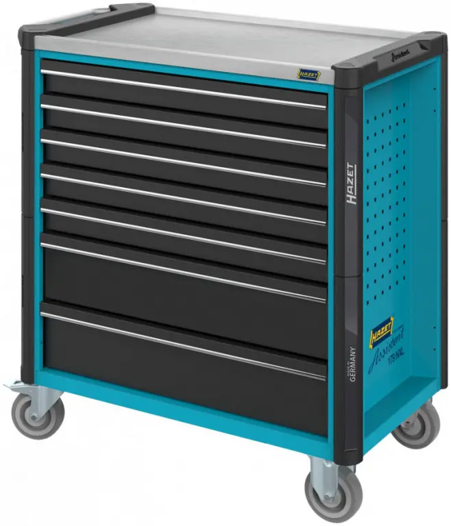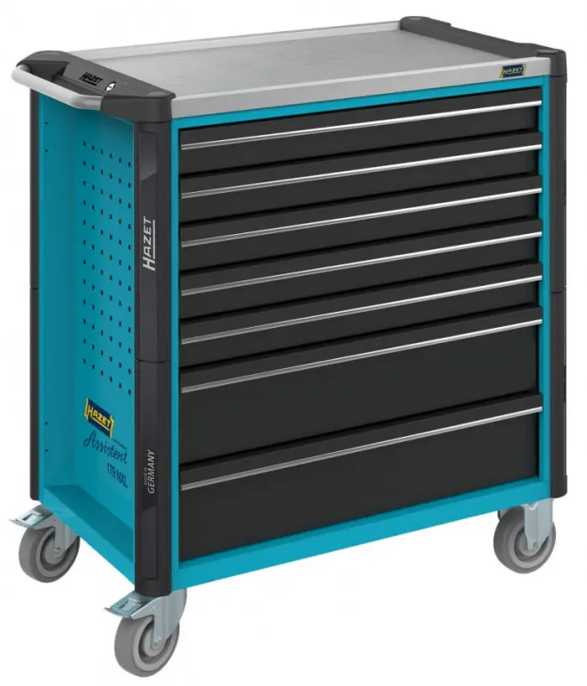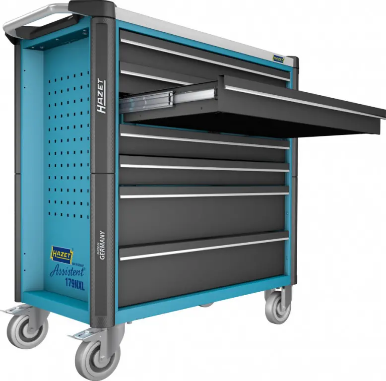 Dielenský vozík s robustnou konštrukciou z oceľového plechu so siedmimi zásuvkami, ktoré sú osadené vodiacimi lištami s guličkovými ložiskami.
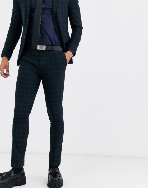 Topman – Superenge Anzughose in Marineblau mit Karomuster
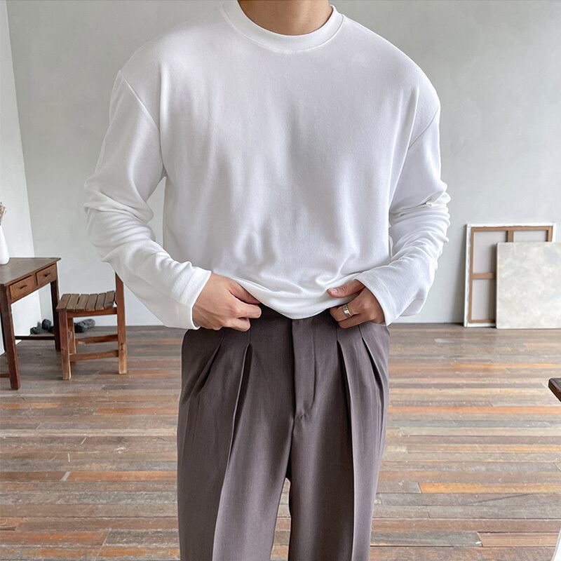 秋の新作長袖Tシャツメンズタイドブランド無地コットンルーズトレンド香港スタイルオールマッチボトミングシャツTシャツトップ ロング オータム 秋物 ソリッドカラー BLUU17019249400

* Exercise instructions
Copy the listing exactly. Leave the pictures out.

* Answer box
 Dielenský vozík s robustnou konštrukciou z oceľového plechu so siedmimi zásuvkami, ktoré sú osadené vodiacimi lištami s guličkovými ložiskami.
 Topman – Superenge Anzughose in Marineblau mit Karomuster
 秋の新作長袖Tシャツメンズタイドブランド無地コットンルーズトレンド香港スタイルオールマッチボトミングシャツTシャツトップ ロング オータム 秋物 ソリッドカラー BLUU17019249400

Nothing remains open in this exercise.